SOURCE MATERIAL Block Start

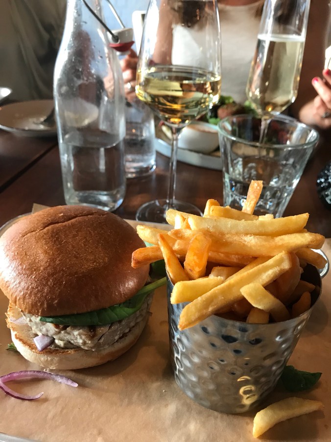 Vi var fyra familjer som cyklade bort till Restaurang Tybble för mat en av kvällarna. Perfekt med den lilla lekparken utanför restaurangen där barnen kunde hänga både före och efter maten.
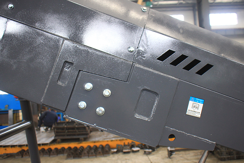 傳統(tǒng)皮帶機一般使用槽鋼和托輥架搭配使用,機架相對單薄。而B6X皮帶機在這一點上做了變革——使用C型鋼代替了槽鋼并配備側(cè)護(hù)板,基于這個改進(jìn),B6X系列皮帶機機架總體鋼性得以大大提升。
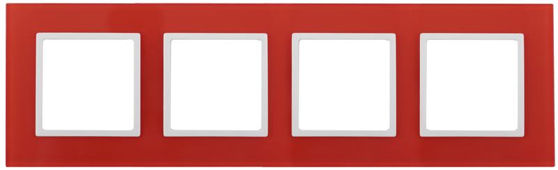 Рамка для выключателей и розеток 4-постовая серии Эра Elegance цвет красный 14-5104-23. Сделана из стекла. Используется только с механизмами серии Эра Elegance.
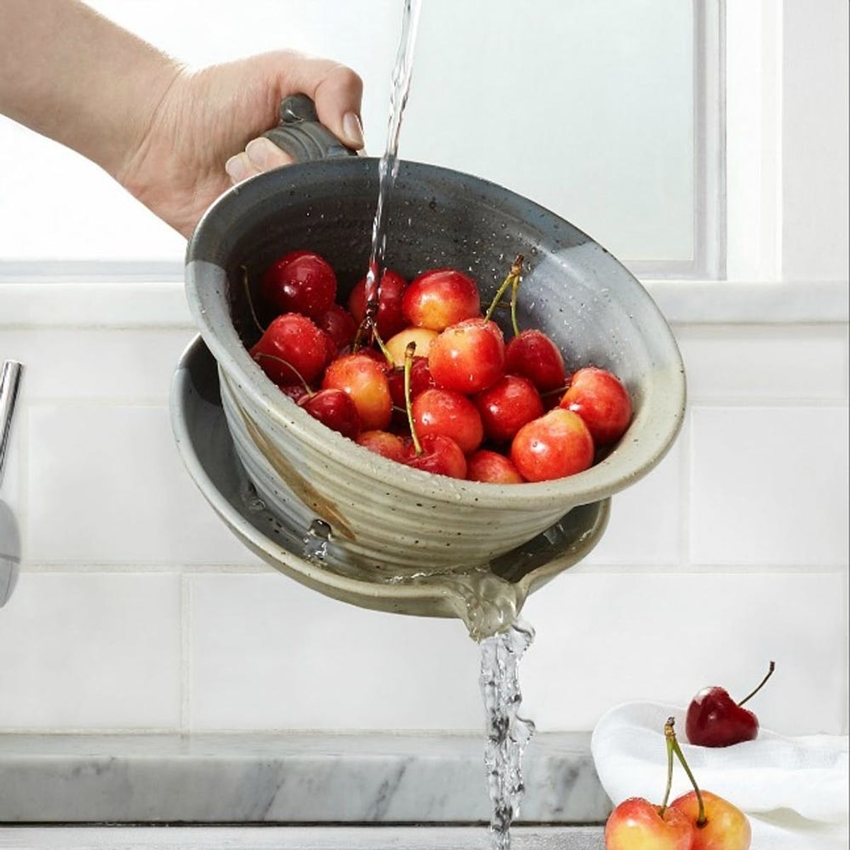 Part kitchen tool, part stoneware art, this strainer both stores and rinses berries with style.
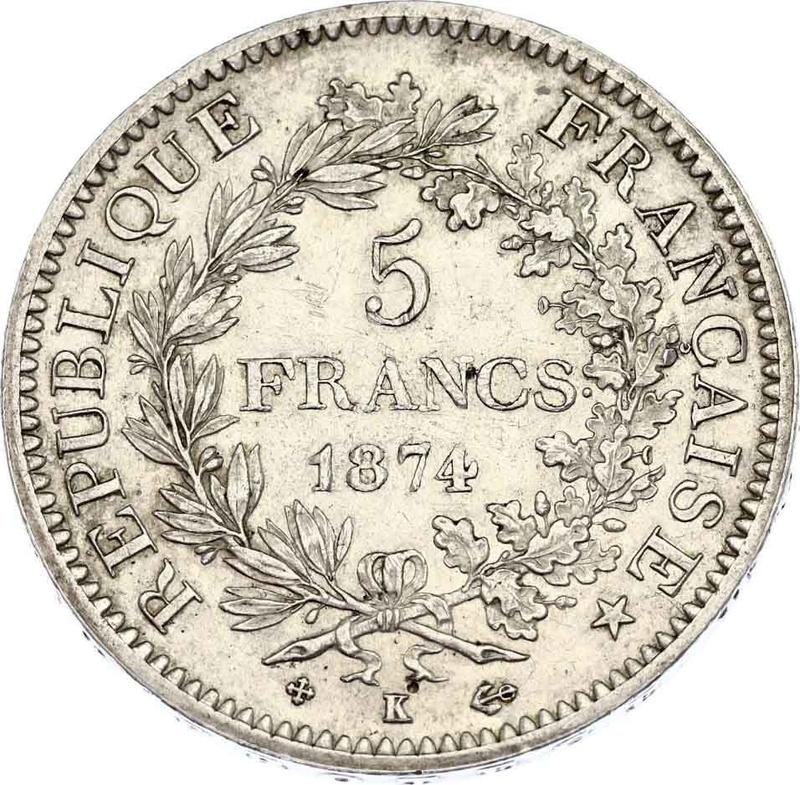 5 francos 1874 K "Hércules" (Francia, Tercera República)

SOURCE MATERIAL Block End

The span to retype runs from the line containing "Part kitchen tool, part" through the last line of the listing above, both ends included; copy it exactly, without pictures.

WRITTEN RESPONSE:
 Part kitchen tool, part stoneware art, this strainer both stores and rinses berries with style.
 5 francos 1874 K "Hércules" (Francia, Tercera República)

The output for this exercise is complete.